I ordered a cappuccino which I took without sugar but with chocolate and a latticed pecan pastry. It came to the grand total of £1.50. "A special promotion" the man said. It was all "to go" and I stepped outside to take a photo. An unleashed and unattended Rottweiler was strolling up Lakedale Road like they do and it paused to sniff my coffee before strolling into the cafe. It's rear end can be seen disappearing inside in the first of my photos above.
The coffee was disappointing with only the mildest hint of coffee flavour - it almost took an act of concentration to notice it far beneath the watery surface. By the time I had got past the Post Office the froth had all but disappeared leaving just a thin film. I decided to do a compare and contrast with Caffe Nero's offering at London Bridge which was on my way. When I got there I was surprised to find how lacking in flavour that was too. I had unbalanced things a bit by asking for a dash of cinnamon as well as chocolate at CN so it wasn't a true like for like comparison. I had however avoided sugar to start with to match my Plumstead brew - though I did sugar it when I was half way through and by this stage the coffee flavour really seemed to be stronger than my initial tastings. The froth of the CN was miles ahead of of the Daily 5's effort. It looked like it would never deflate - the choc and cinnamon powders sat neatly on top of the foam and added to the filtering effect. The chocolate with the Daily 5 went practically unnoticed - it just adhered to the bottom of the lid. If you took the lid off all the chocolate would be on the lid with none on the foam. And another thing, the first thing I noticed with the London Bridge drink was that it was HOT. Was this because I didn't have a sleeve on the cup - or does CN's coffee machine kick out more steam?

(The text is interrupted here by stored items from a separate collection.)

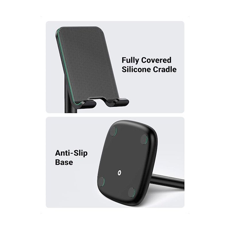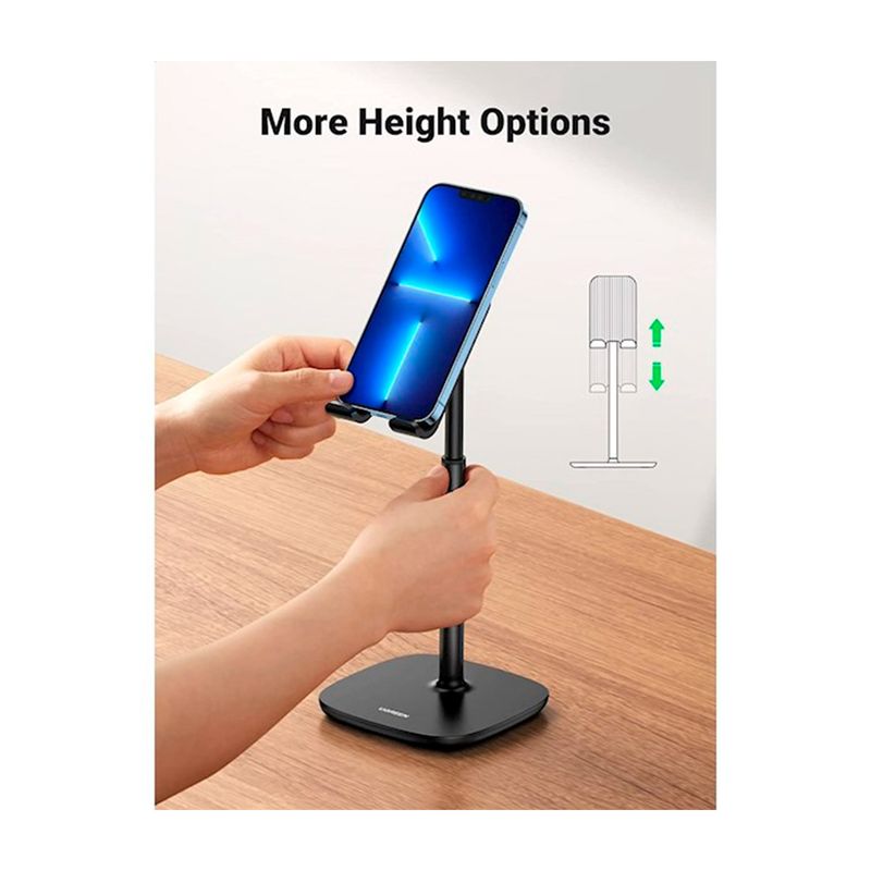 Este soporte móvil cuenta con un diseño ajustable que te permite adaptarlo a diferentes dispositivos y ángulos de visión. Puedes ajustar la altura y el ángulo del soporte para obtener la mejor posición para tu dispositivo.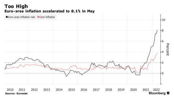 欧元区5月份消费者价格同比上涨8.1%,超过了市场预期中值7.8%,通胀水平再创历史新高。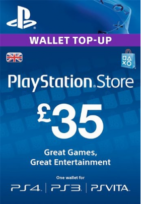 Kарта оплаты, позволяющая пополнить баланс для аккаунта Playstation Network (PlayStation UK Store) на 35 фунтов стерлингов.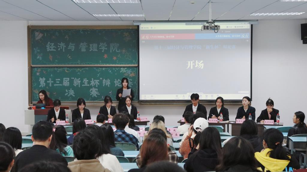 第十三届“新生杯”辩论赛决赛于11月7日14时在求是楼421教室顺利举行。学院团委书记兼学工办主任张莉、辅导员李威老师、刘炜婳老师、以及来自校辩论队的队长等受邀担任评委和同学们齐聚一堂,共享辩论魅力。
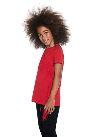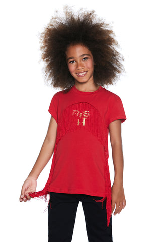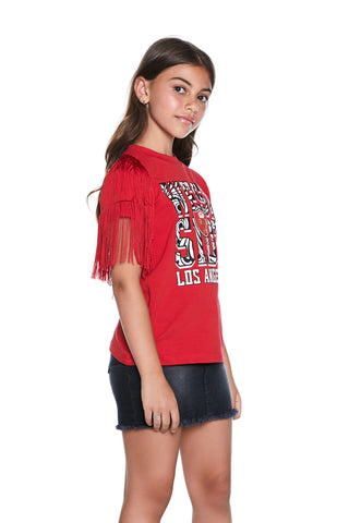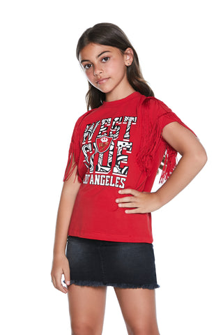 MACHEZ half sleeve t-shirt with fringes plus trimmings plus west side print

The pecan thing from Daily 5 tasted like a sausage roll that had been hastily converted into a danish -a tang of animal fat struck my tastebuds with gusto. It was not too bad after the first few bites though and it filled a hole but was a rather stolid experience. Still the combined price wasn't to be sniffed at. Or woofed at. So I'll score it two out of five - after all it is trying to be something that some people are very keen on having. I certainly want to see more espresso machines in action round here and not necessarily manned by mass-produced baristas. On the other hand I am not in a mad rush to get back there for more.
It deserves a bit of support though and a second chance so I aim to test out their double espresso - there is no hiding with an espresso. That will have to taste of something. My half-empty-bottle mentality means I suspect it might bear more resemblance to the distilled essence of a Turkish wrestlers post-bout battle trunks than to the humble, vivacious and not-too-difficult-to-use coffee bean. Let's hope not.